Rikke B. Holmgaard, Ph.D., lead author of the paper and Research Associate, Memorial Sloan Kettering Cancer Center, said, "We learned that IDO mediates local and systemic immune suppression in murine tumor models by means of other immunosuppressive cells, such as MDSCs and Tregs, and by upregulating other immunosuppressive mechanisms mediated by MDSCs, such as arginase 1, iNOS, and immunosuppressive cytokines. In so doing, IDO makes tumors grow faster and become less responsive to immune checkpoint therapy, such as PD1/CTLA4. Thus, adding IDO inhibition may be one of the key elements of combination therapies for strong, durable anti-tumor responses."
Jedd D. Wolchok, M.D., Ph.D., Chief of Melanoma and Immunotherapeutics Service at Memorial Sloan Kettering Cancer Center, Associate Professor of Immunology and Microbial Pathogenesis at Weill Cornell Medical College, and co-author of the article, added, "This data further demonstrate IDO as one of the key immune checkpoint targets and show that indoximod can block the expansion of suppressive myeloid cells and recruitment of MDSCs to the tumor microenvironment that mediate local immune suppression. It prevents activation of Tregs that mediate systemic immune suppression in a mouse model and enhances the antitumor activity of combination anti-CTLA4 and anti-PD1."

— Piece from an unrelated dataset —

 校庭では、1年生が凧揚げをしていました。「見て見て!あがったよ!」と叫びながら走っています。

David H. Munn, M.D., Professor of Pediatric Hematology and Oncology at Georgia Regents University and co-author of the article in Cell Reports, added, "This research not only sheds additional light on the mechanism of IDO expression in tumors but also shows how indoximod can enhance anti-tumor responses when combined with other checkpoint inhibitors."
"This important work, both in animal studies and in analyses of human melanoma samples, by leading scientists in immuno-oncology validates our view of the central role IDO inhibition and indoximod may play in tumor immunosuppression," said Charles Link, M.D., CEO and Chief Scientific Officer of NewLink Genetics. "It also points to the potential for IDO inhibitors like indoximod to overcome that immunosuppression and enhance anti-tumor responses."

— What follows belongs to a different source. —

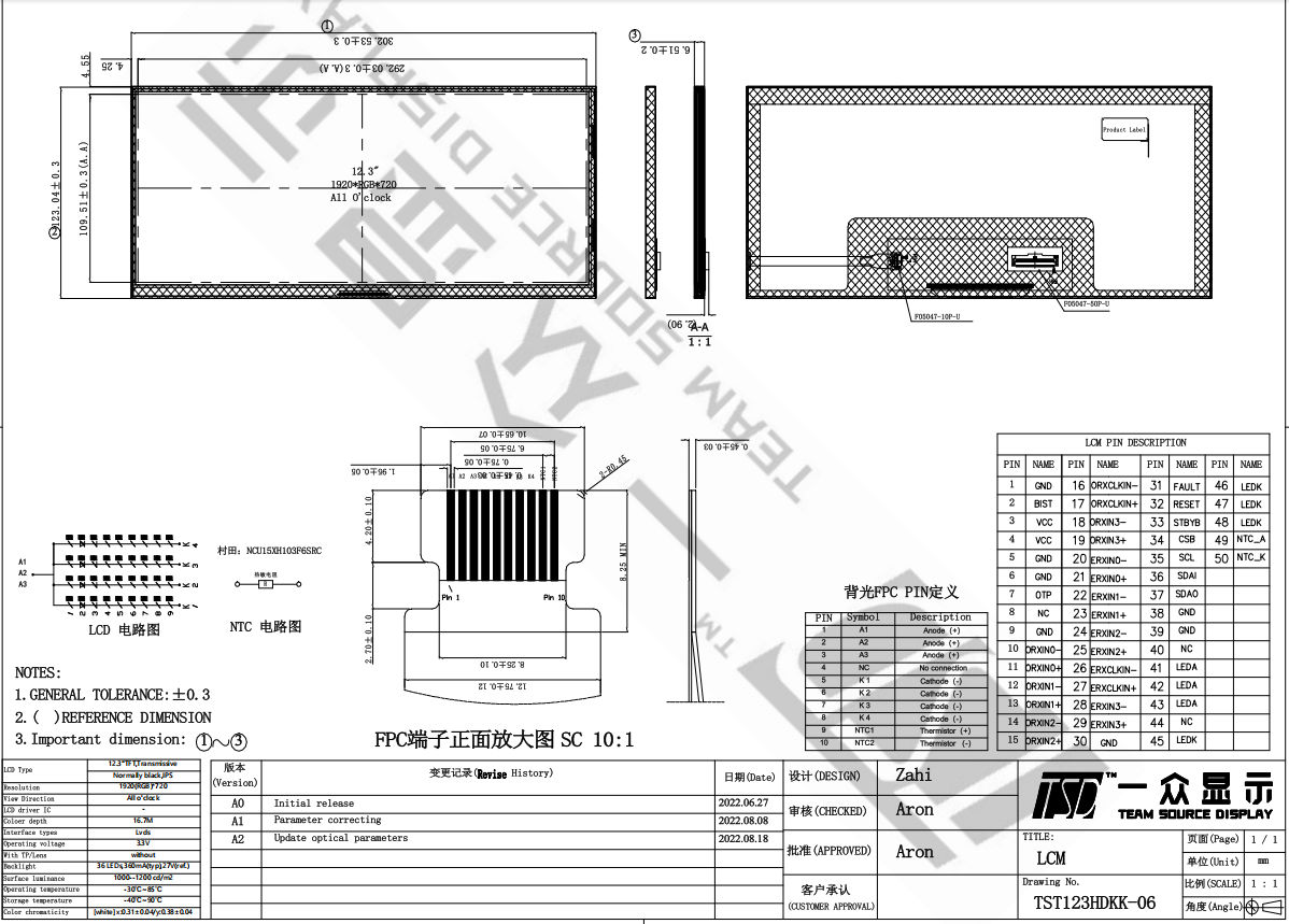 | LCD Type | a-Si TFT,Transmissive,Normally black |

Indoximod is in Phase 2 clinical trials for breast cancer, prostate cancer, melanoma and glioblastoma multiforme as well as in Phase 1b/2 clinical trials for pancreatic cancer.

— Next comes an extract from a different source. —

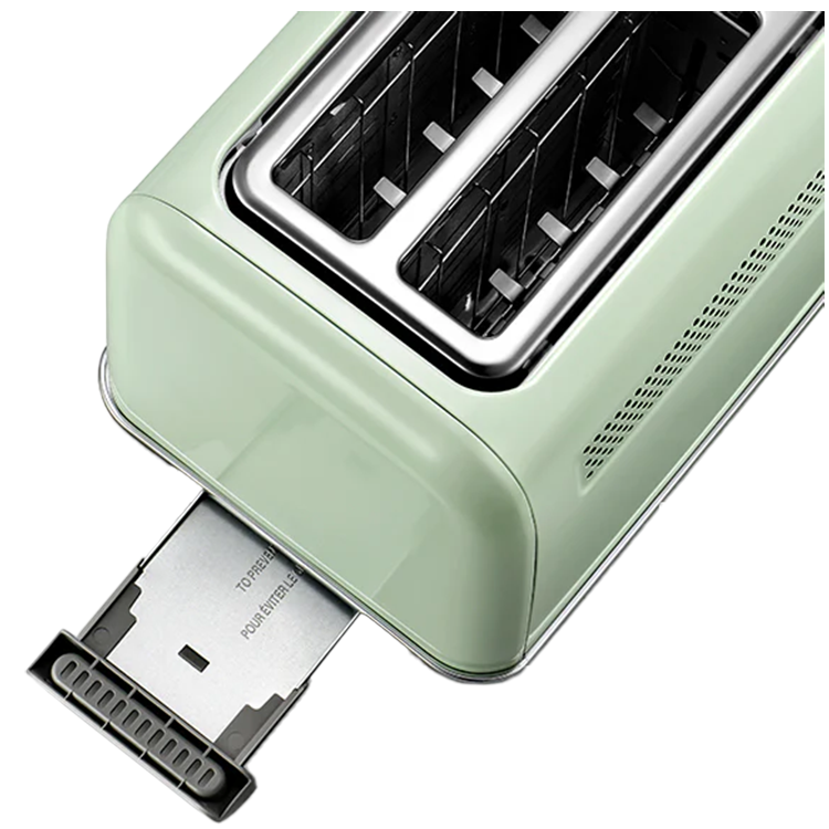 Toaster is thoughtfully designed to accommodate small kitchens with limited counter space or outlets. Featuring an impressive 1-meter cord, this toaster provides the flexibility you need to position it conveniently, even in tight spaces. The extra-long cord ensures that you can easily reach an outlet without having to rearrange your kitchen setup. Even better, the cord coils up neatly into its own storage space at the bottom of the toaster, keeping your countertop tidy and free from clutter. This practical design feature not only enhances the toaster's usability but also contributes to a clean and organized kitchen environment.

The authors’ analysis of tumor samples from 36 melanoma patients found that myeloid-derived suppressor cells (MDSCs) were increased in IDO+ tumors. This suggests that IDO recruits and activates such cells through activation of regulatory T cells (Tregs). The authors found greater tumor growth, as well as resistance to immune checkpoint blockade, in the tumors overexpressing IDO. Treatment of the mice bearing tumors overexpressing IDO with the IDO pathway inhibitor indoximod reversed this tumor-associated immunosuppression by decreasing the number of MDSCs and Tregs and stopping their suppressive capability.